- Data supplied -

==================================================

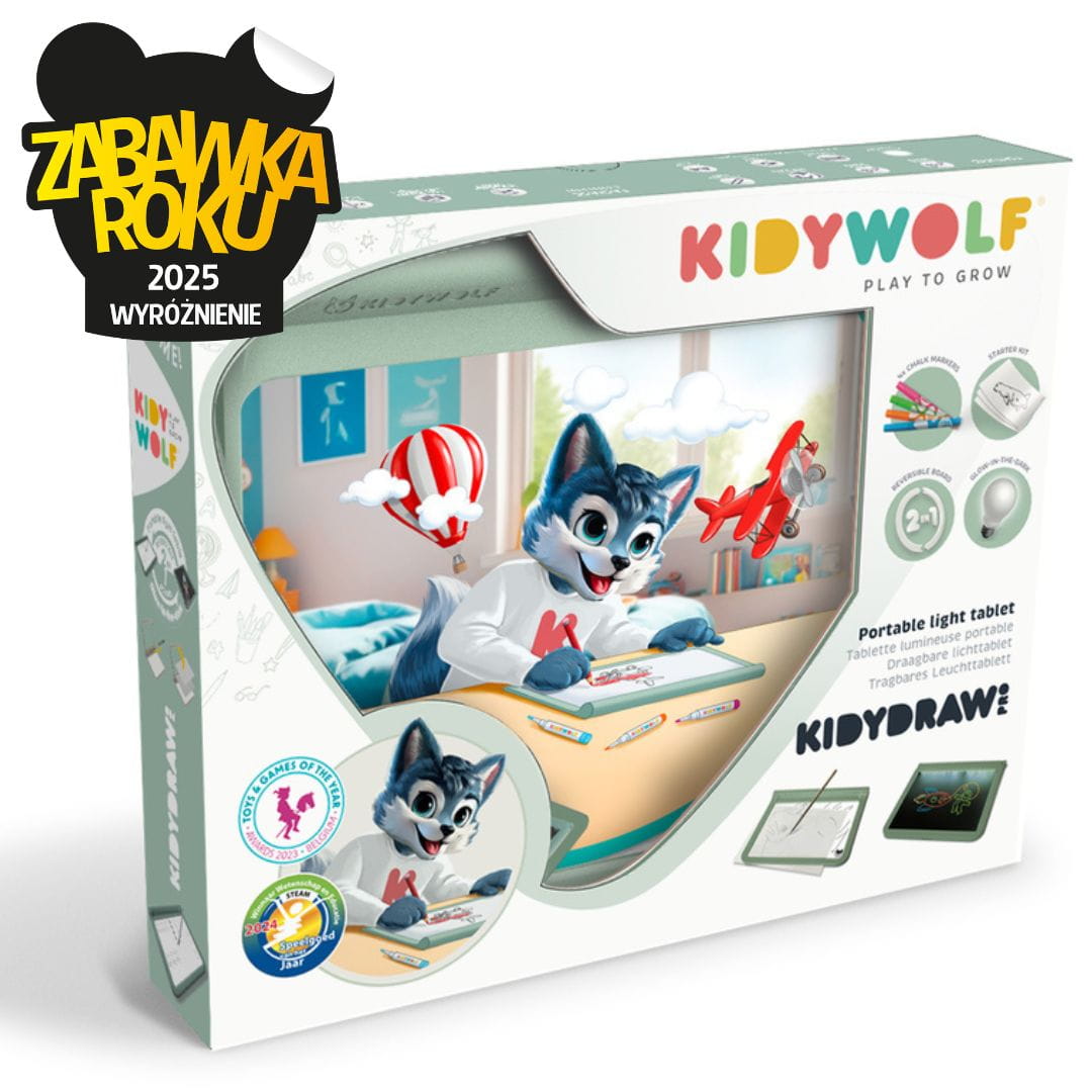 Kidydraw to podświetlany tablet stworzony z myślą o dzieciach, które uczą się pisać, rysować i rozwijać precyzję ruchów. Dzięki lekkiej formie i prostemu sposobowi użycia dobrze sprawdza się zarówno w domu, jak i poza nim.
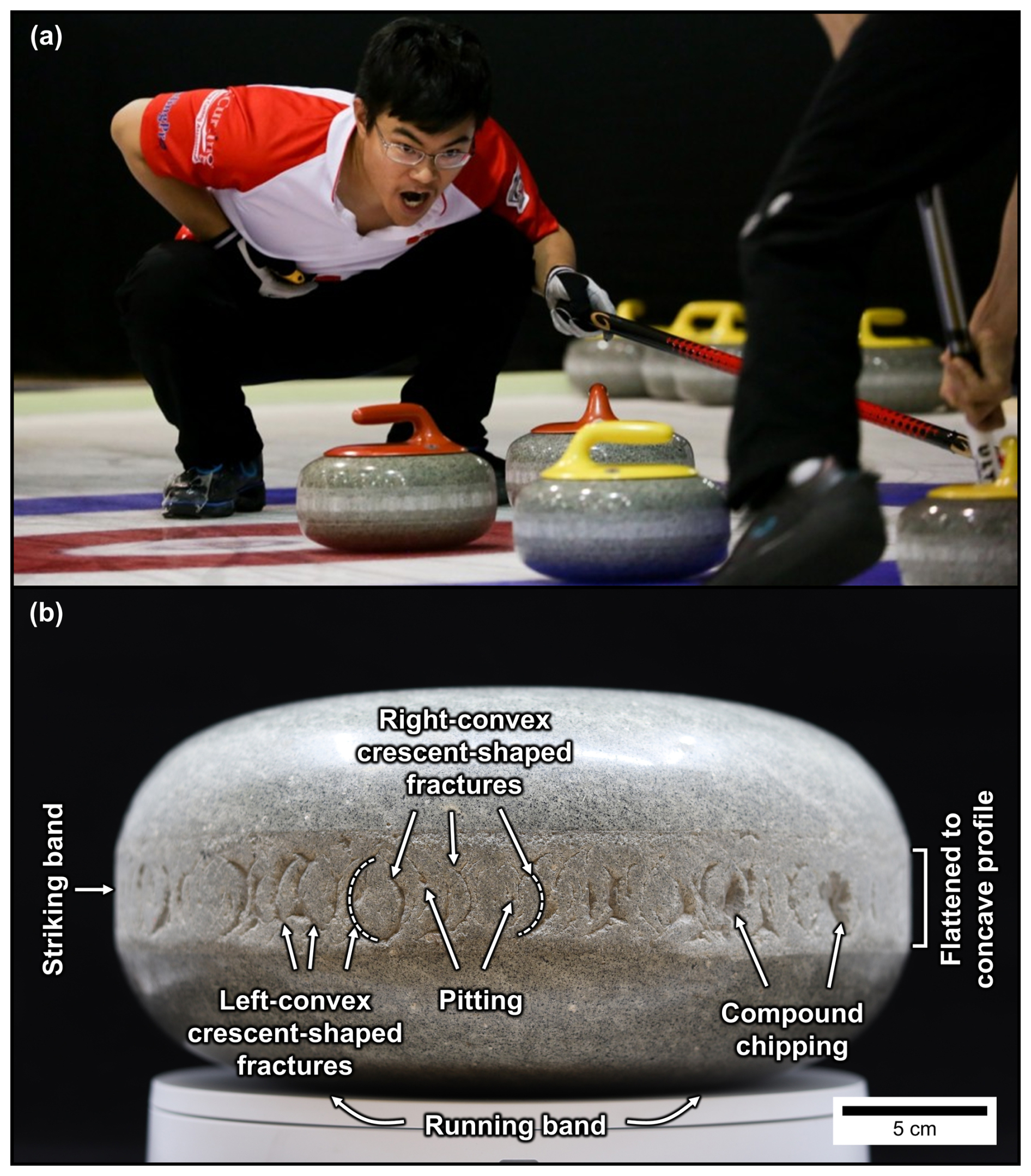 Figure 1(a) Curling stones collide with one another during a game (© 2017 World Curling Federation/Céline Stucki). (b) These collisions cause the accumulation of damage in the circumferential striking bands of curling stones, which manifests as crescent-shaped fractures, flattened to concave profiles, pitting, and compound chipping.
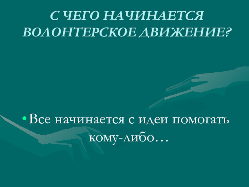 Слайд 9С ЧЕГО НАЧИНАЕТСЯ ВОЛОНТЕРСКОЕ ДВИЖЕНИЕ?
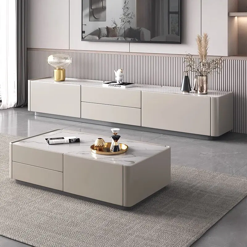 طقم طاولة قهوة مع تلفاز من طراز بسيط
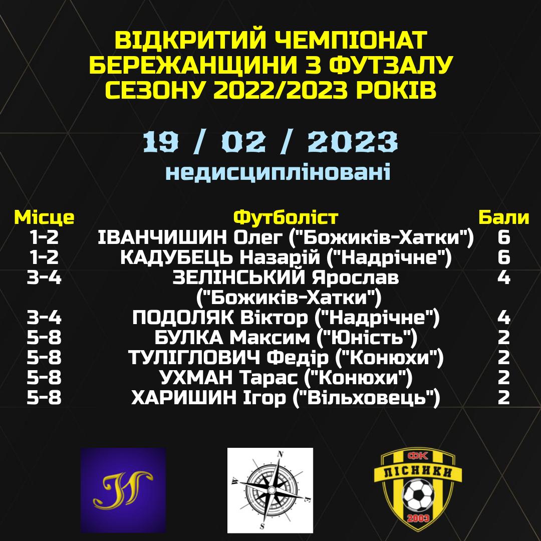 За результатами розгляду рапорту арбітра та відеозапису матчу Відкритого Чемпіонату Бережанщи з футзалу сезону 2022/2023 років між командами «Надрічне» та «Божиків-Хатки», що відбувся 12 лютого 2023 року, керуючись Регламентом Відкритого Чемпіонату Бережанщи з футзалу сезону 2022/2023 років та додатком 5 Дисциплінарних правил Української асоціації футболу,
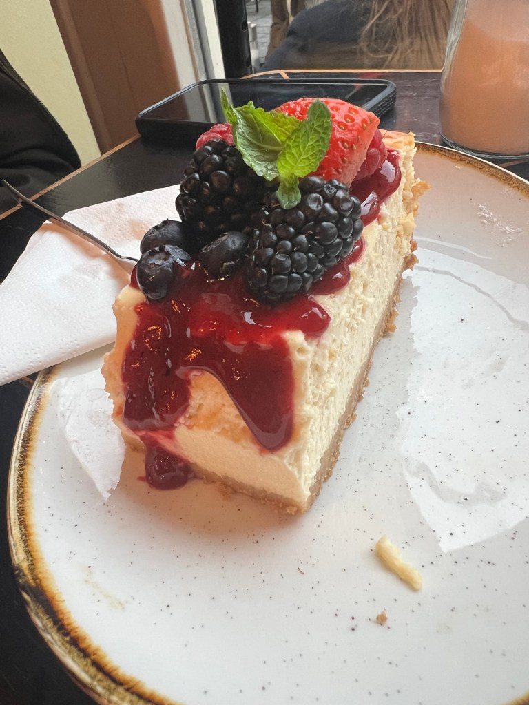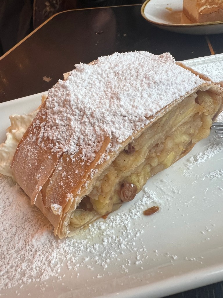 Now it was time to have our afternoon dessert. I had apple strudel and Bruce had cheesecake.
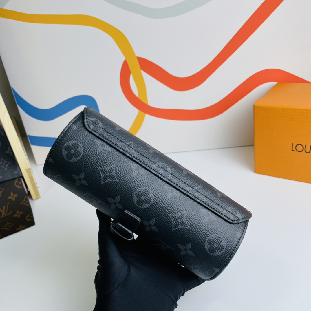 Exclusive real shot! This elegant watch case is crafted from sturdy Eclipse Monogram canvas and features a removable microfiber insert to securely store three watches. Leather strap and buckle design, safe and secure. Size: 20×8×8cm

==================================================

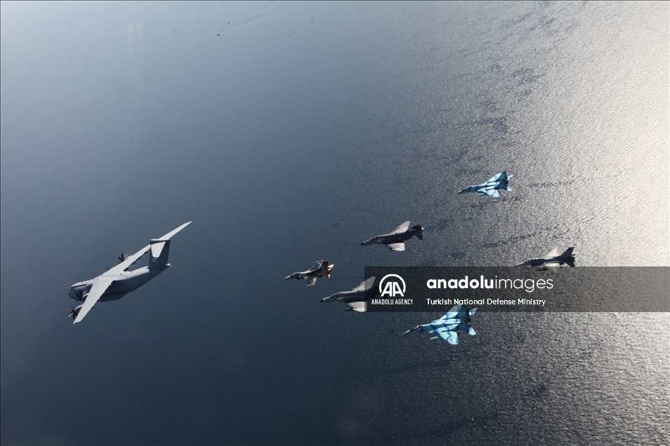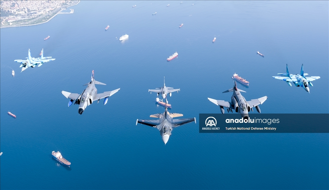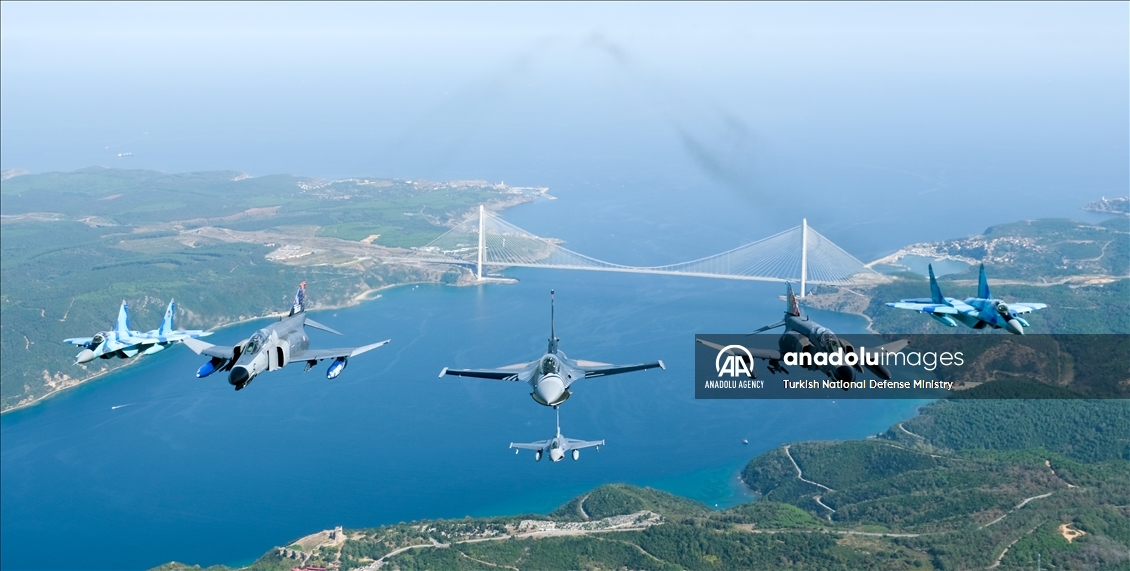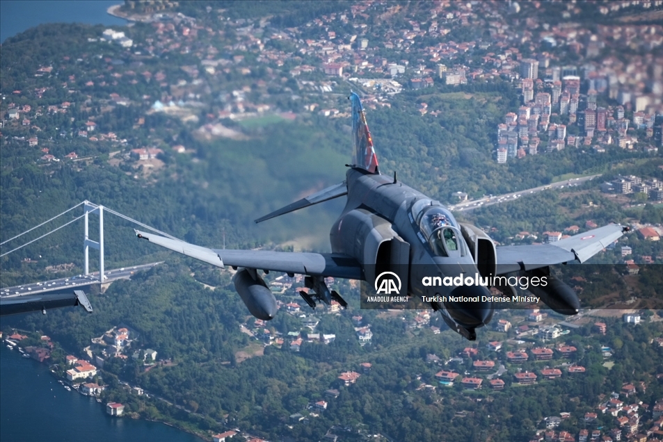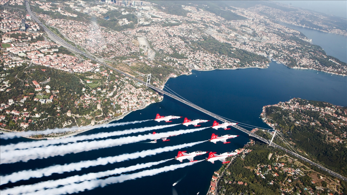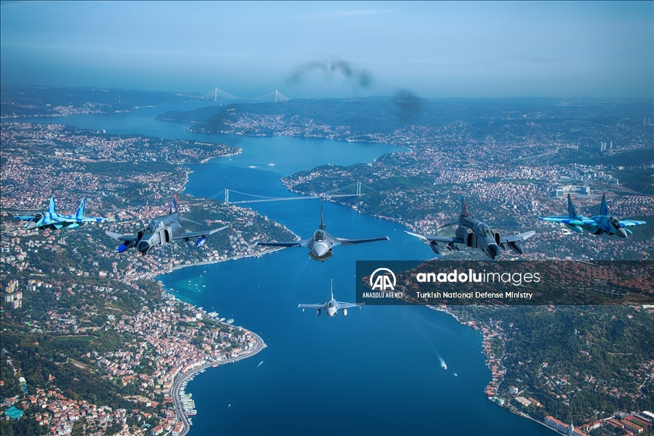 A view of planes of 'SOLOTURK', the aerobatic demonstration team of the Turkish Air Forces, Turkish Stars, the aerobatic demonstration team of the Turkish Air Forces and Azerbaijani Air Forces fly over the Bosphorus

==================================================

In the listing above, find the line containing "Figure 1(a) Curling" and the line containing "Exclusive real shot!", then print exactly those two lines and every line between them, minus the pictures.

 Figure 1(a) Curling stones collide with one another during a game (© 2017 World Curling Federation/Céline Stucki). (b) These collisions cause the accumulation of damage in the circumferential striking bands of curling stones, which manifests as crescent-shaped fractures, flattened to concave profiles, pitting, and compound chipping.
 Слайд 9С ЧЕГО НАЧИНАЕТСЯ ВОЛОНТЕРСКОЕ ДВИЖЕНИЕ?
 طقم طاولة قهوة مع تلفاز من طراز بسيط
 За результатами розгляду рапорту арбітра та відеозапису матчу Відкритого Чемпіонату Бережанщи з футзалу сезону 2022/2023 років між командами «Надрічне» та «Божиків-Хатки», що відбувся 12 лютого 2023 року, керуючись Регламентом Відкритого Чемпіонату Бережанщи з футзалу сезону 2022/2023 років та додатком 5 Дисциплінарних правил Української асоціації футболу,
 Now it was time to have our afternoon dessert. I had apple strudel and Bruce had cheesecake.
 Exclusive real shot! This elegant watch case is crafted from sturdy Eclipse Monogram canvas and features a removable microfiber insert to securely store three watches. Leather strap and buckle design, safe and secure. Size: 20×8×8cm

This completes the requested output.